Statistical analysis
All data are presented as the mean ± standard error
of the mean. Data was analyzed by one-way analysis of variance
followed by Dunnett's t-test using SPSS version 22 statistical
software (SPPS, Inc., Chicago, IL, USA). P<0.05 was considered
to indicate a statistically significant difference.
Results
Xanthohumol inhibits proliferation of
laryngeal squamous cell carcinoma cells
MTT assay was performed to determine the effect of
xanthohumol on the proliferation of SCC4 cells following treatment
with 30, 40 and 50 µM xanthohumol for 24, 48 and 72 h. The results
revealed that xanthohumol inhibited the proliferation of SCC4 cells
in a concentration- and time-dependent manner when compared with
that of control group (Fig. 2).
Following 24, 48 and 72 h treatment with 30, 40 and 50 µM
xanthohumol significantly inhibited the proliferation of SCC4 cells
(Fig. 2). In addition, following
treatment with 20 µM xanthohumol for 72 h proliferation of SCC4
cells was significantly inhibited compared with the control group
(Fig. 2).
Xanthohumol induces cell apoptosis of
laryngeal squamous cell carcinoma cells
To evaluate the effect of xanthohumol on SCC4 cell
apoptosis, flow cytometry analysis was performed. The results
demonstrated that treatment with 30 and 40 µM xanthohumol for 48 h
significantly induced apoptosis of SCC4 cells compared with the
control group (Fig. 3).
Xanthohumol increases caspase-3, −8
and −9 activity in laryngeal squamous cell carcinoma
To further investigate the effect of xanthohumol on
caspase activity in laryngeal squamous cell carcinoma, the
florescence intensities of caspase-3, −8 and −9 were measured in
SCC4 cells following 48 h treatment with 20, 30 and 40 µM
xanthohumol. The results revealed that caspase-3, −8 and −9
activity was significantly increased following treatment with 30
and 40 µM xanthohumol when compared with the control group
(Fig. 4).
Xanthohumol decreases Bcl-2 and Mcl-1
protein expression in laryngeal squamous cell carcinoma cells
The effect of xanthohumol on the expression of Bcl-2
and Mcl-1 proteins in laryngeal squamous cell carcinoma SCC4 cells
was examined by western blot analysis. Following treatment with 40
µM xanthohumol the expression of Bcl-2 (Fig. 5) and Mcl-1 (Fig. 6) proteins were significantly decreased
compared with the control group.
Xanthohumol increases PARP and p53
protein expression in laryngeal squamous cell carcinoma
The effect of xanthohumol on PARP and p53 protein
expression in SSC4 cells was examined by western blot analysis.

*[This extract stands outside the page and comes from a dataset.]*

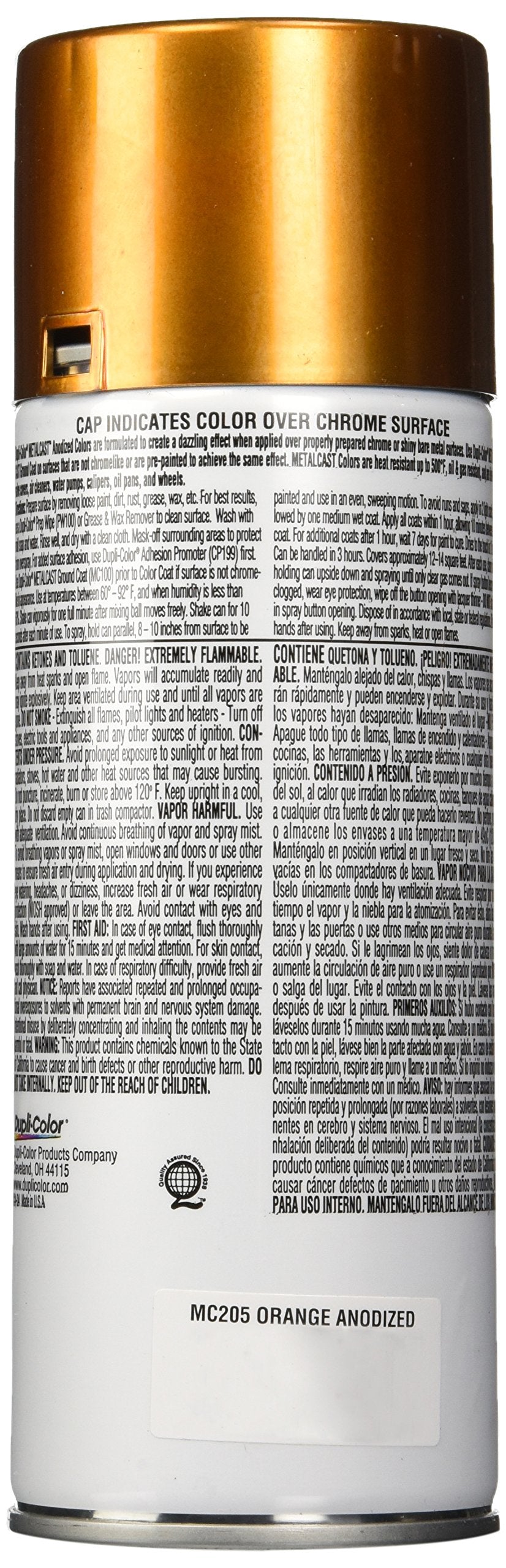 Dupli-Color Metalcast Anodized Coating Automotive Spray Paint turns ordinary chrome pieces into a bright, transparent-colored metallic finish in an easy one-step process. This high gloss, orange copper vehicle spray paint has a durable enamel finish and is oil, gas, and heat resistance up to 500°F intermittently. Featuring a EZ Touch Fan Spray Nozzle, this high heat car paint is easy to use and ensures maximum coverage on chrome automotive accessories. It’s dry to the touch in 30 minutes and can be handled in 1 hour. Ideal for interior, exterior, and high-heat applications under-the-hood in cars, trucks, ATV, UTV’s and more. This Dupli-Color spray paint is specially formulated to work over properly prepared shiny, bare metal, and faux chrome-like surfaces. Metalcast is the answer to dressing up your chrome and metal surfaces. To achieve the anodized metal look on non-metal or painted surfaces, first prime with the high heat resistant, fast drying ground coat Metalcast 100 (sold separately). Since 1938, Dupli-Color has been the trusted brand leader in providing easy-to-use, innovative products to restore, restyle and protect their vehicle appearance.
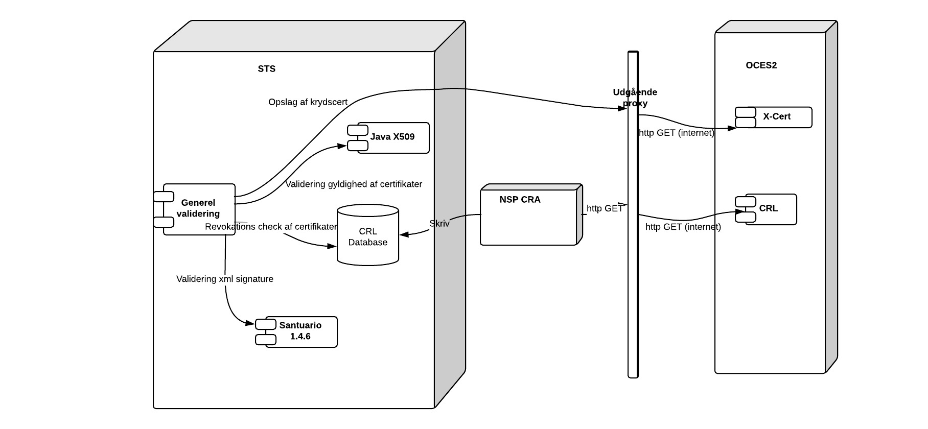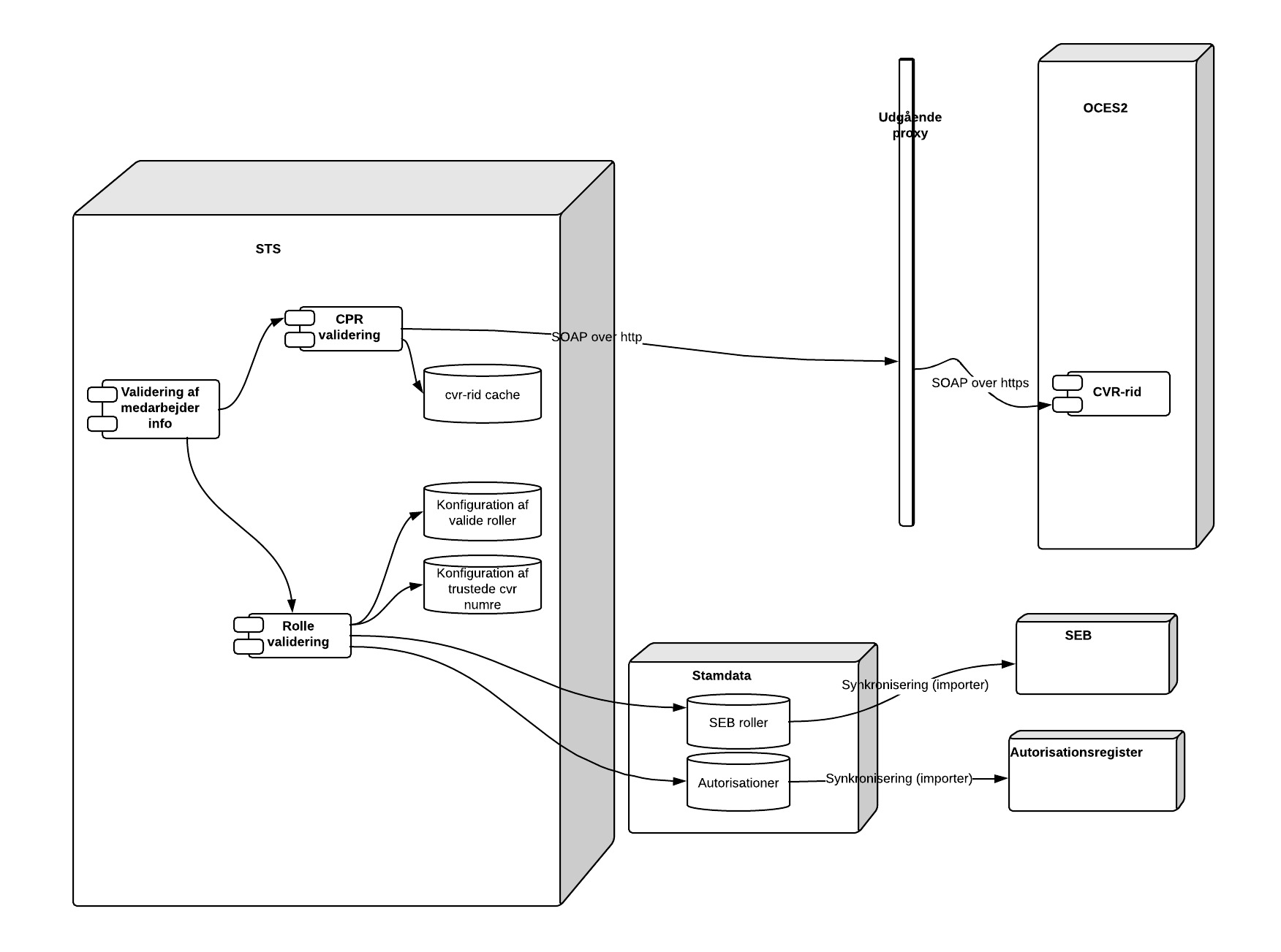 Security Token Service (STS) er en fælles komponent, som kan udstede adgangsgivende billetter på baggrund af OCES-certifikater. En sådan komponent betegnes generelt som en "Identitetsservice" eller IdP (IdentityProvider).

Following treatment with 40 µM xanthohumol for 48 h, the expression
of PARP (Fig. 7) and p53 (Fig. 8) proteins were significantly increased
compared with control group.
Xanthohumol increases AIF protein
expression in laryngeal squamous cell carcinoma cells
To determine whether the AIF pathway mediates the
anticancer effects of xanthohumol, AIF protein expression in SCC4
cells was measured using western blot analysis. Following treatment
with 40 µM xanthohumol for 48 h, the expression of AIF protein was
significantly increased compared with the control group (Fig. 9).
Discussion
Laryngeal squamous cell carcinoma is a common
malignant tumor derived from the laryngeal epithelium, which is the
third most common cause of head and neck cancer morbidity,
accounting for 1–5% of all malignant tumors (2). Notably, the incidence rate of laryngeal
cancer is increasing significantly among young individuals and
thus, better treatments are urgently required (18). Although the treatment of laryngeal
cancer has markedly improved in recent years due to advances in
surgical techniques and combined chemotherapy and radiotherapy
regimens, certain cases of squamous cell carcinoma of the larynx do
not respond to treatment (19).
Furthermore, due to the rapid development of molecular biology
technology, gene therapy is gaining increasing attention and is
considered to present a promising option for cancer patients
(20). Therefore, the identification
of specific genes that are involved in the development of laryngeal
squamous cell carcinoma may lead to further studies and the
clinical application of gene therapy for laryngeal cancer. Previous
studies have demonstrated that xanthohumol induces apoptosis in
hepatocellular carcinoma (21), human
cervical cancer cells (17) and
breast cancer (22). To the best of
our knowledge, the present study is the first to demonstrate that
xanthohumol inhibits cell proliferation and induces cell apoptosis
of laryngeal squamous cell carcinoma SCC4 cells.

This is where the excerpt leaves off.